There are roughly 35 million Kurds scattered throughout the Middle East, making them one of the largest ethnic groups in the region. Unlike other large ethnic groups, like the Arabs, the Turks, and the Persians, the Kurds have no state of their own and are instead scattered throughout Syria, Iraq, Turkey, and Iran. But it is in and around Turkey that Kurds have been in the most danger and this has been a persistent problem since the end of World War I.

At the beginning of the 20th century, there was a growing mindset among Turks to create an indivisible nation by removing any non-Turkish elements of society. This led to the Armenian Genocide, from 1915 to 1923, when the Ottoman government systematically wiped out 1.5 million Armenians, most of whom were Ottoman citizens. And though the Turkish government still denies the Armenian genocide, on Tuesday, the House of Representatives voted 405-11 in favor of recognizing and commemorating the Armenian genocide.

The Kurds were another significant non-Turkish population in Turkey. After Turkey gained its independence in 1923, its drive to create a purified Turkish state grew stronger.

In 1930, the Turksh minister of justice said, “The Turk is the only lord, the only master of this country. Those who are not of pure Turkish origin will have only one right in Turkey: the right to be servants and slaves.” The Kurds were consistently persecuted throughout the 20th century.

In the 1970s the Kurdistan Worker’s Party (PKK) rose up inside Turkey to fight for an independent Kurdish state. There has been continual violence and tension between the PKK, and Erdogan and the rest of the Turkish government considers the PKK a dangerous terrorist threat.

Trump, supporting his sudden turn against the Kurds, said that the PKK is “worse at terror and more of a terrorist threat, in many ways” than the Islamic state.

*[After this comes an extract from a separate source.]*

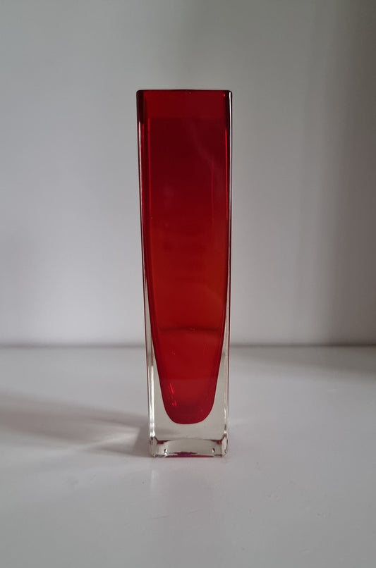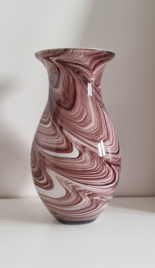 Vintage Maroon & White Wave/Marble Effect Glass Art Vase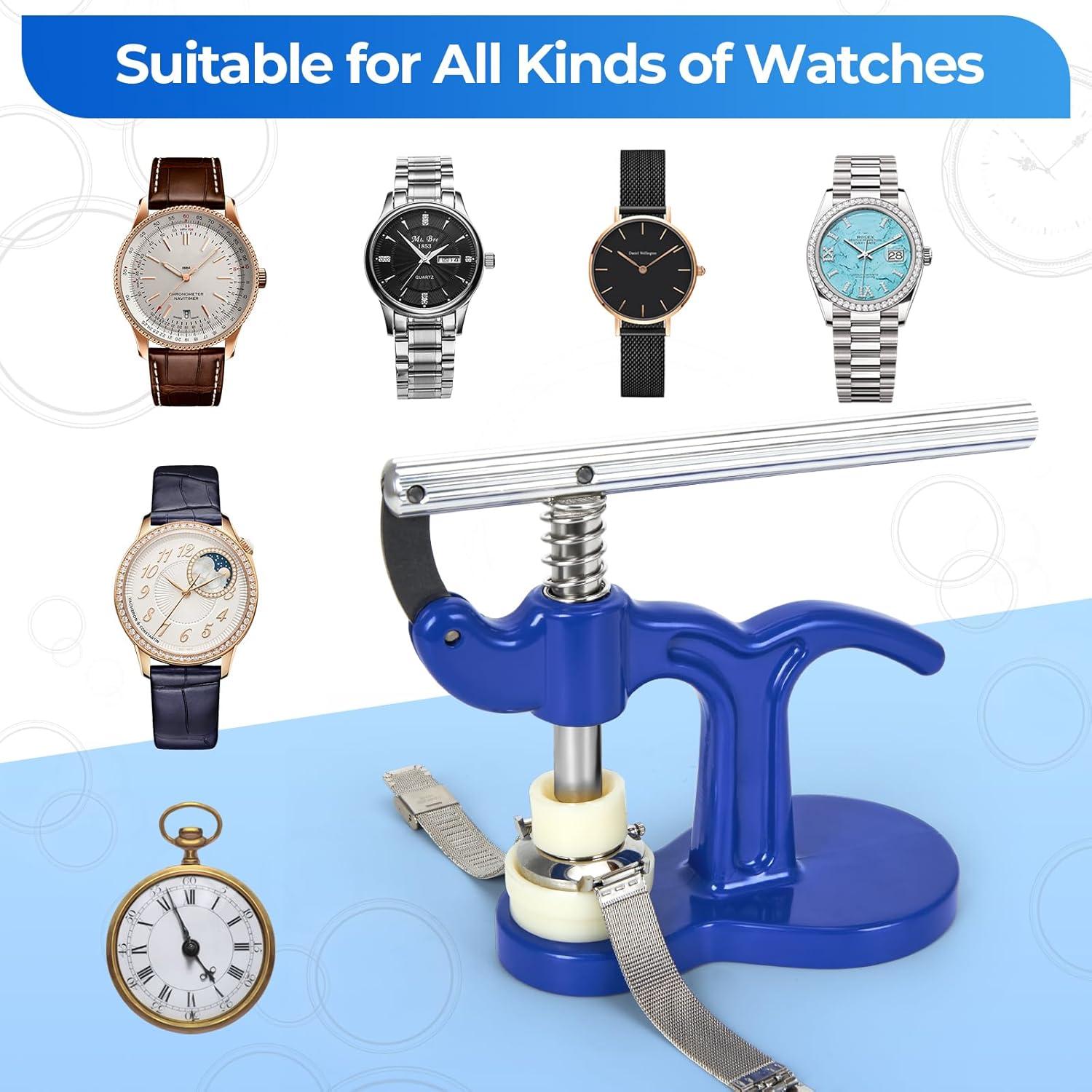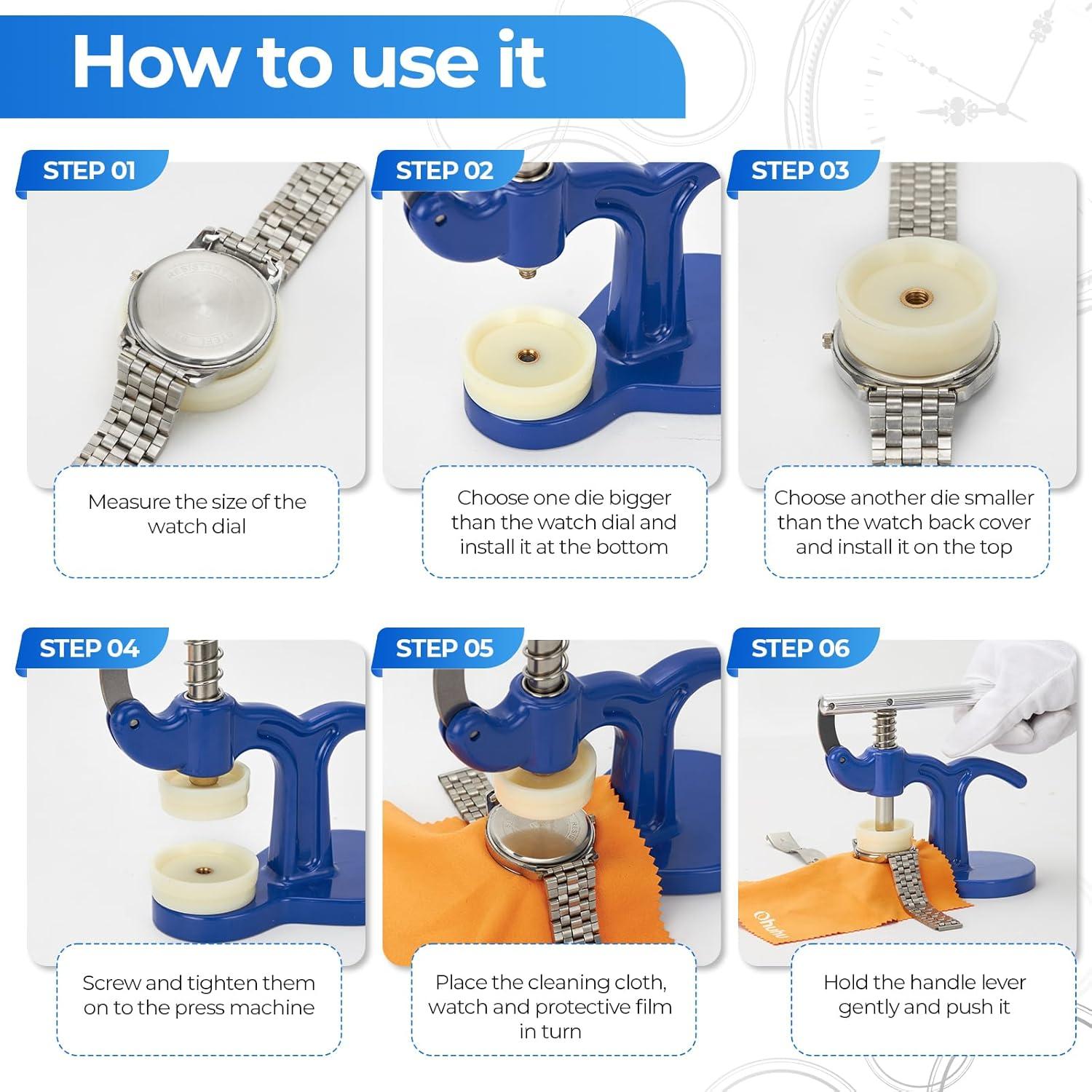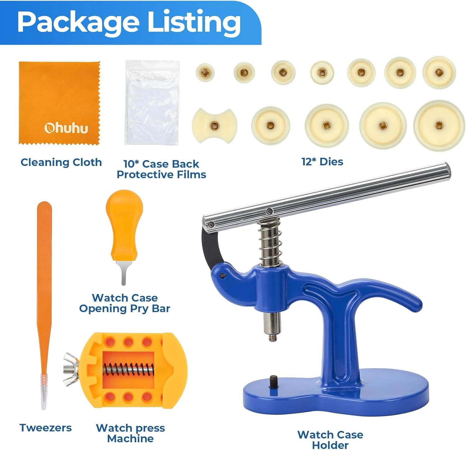 PROFESSIONAL WATCH PRESS SET: Everything you need to repair your watch is now in our Ohuhu watch press tool, which includes a watch press machine, 12 dyes, a cleaning cloth, pair of tweezers, watch case holder, watch opening pry bar, and 10 case back protective films. This set is ideal for both beginners and professional watch repairmen.

Now, with Trump’s rash announcement to pull troops out from Syria, the Kurds in Syria near the Turkish border — particularly those of the YPG who have been fighting ISIS — are vulnerable.

Erdogan will do just about anything to keep the Kurds weak so that they can never threaten him with the formation of a Kurdish state on his border. And Trump is trying to hand him the opportunity to do so and fuel Turkish hostilities against the Kurds.

If Erdogan is not trying to eradicate the Kurds on his border, he is at least trying to forcibly get them farther away from the border so that he can have a 300-mile buffer zone. Trump trying to pull out U.S. troops would achieve Erdogan’s goal for him and would weaken the Kurds making them ripe for Turkish aggression and also giving ISIS the distinct possibility of a come back.

The decision to leave some troops to guard the Syrian oil fields is the very bare minimum that the U.S. should do to curb Turkey, keep the Kurds safe and stable, and deter the Islamic state from resurrection.

Many, including Trump, argue that the U.S. needs to stop being the world police, and this is a good opportunity to stop. But we are already waist deep in the Middle East, especially in Syria. The U.S. has been supporting and fighting alongside the Kurds for nearly half a decade, and with Turkey on the prowl and plenty of instability rampant in the region (i.e. ISIS coming back), this is not the time to leave the Kurds hanging out to dry.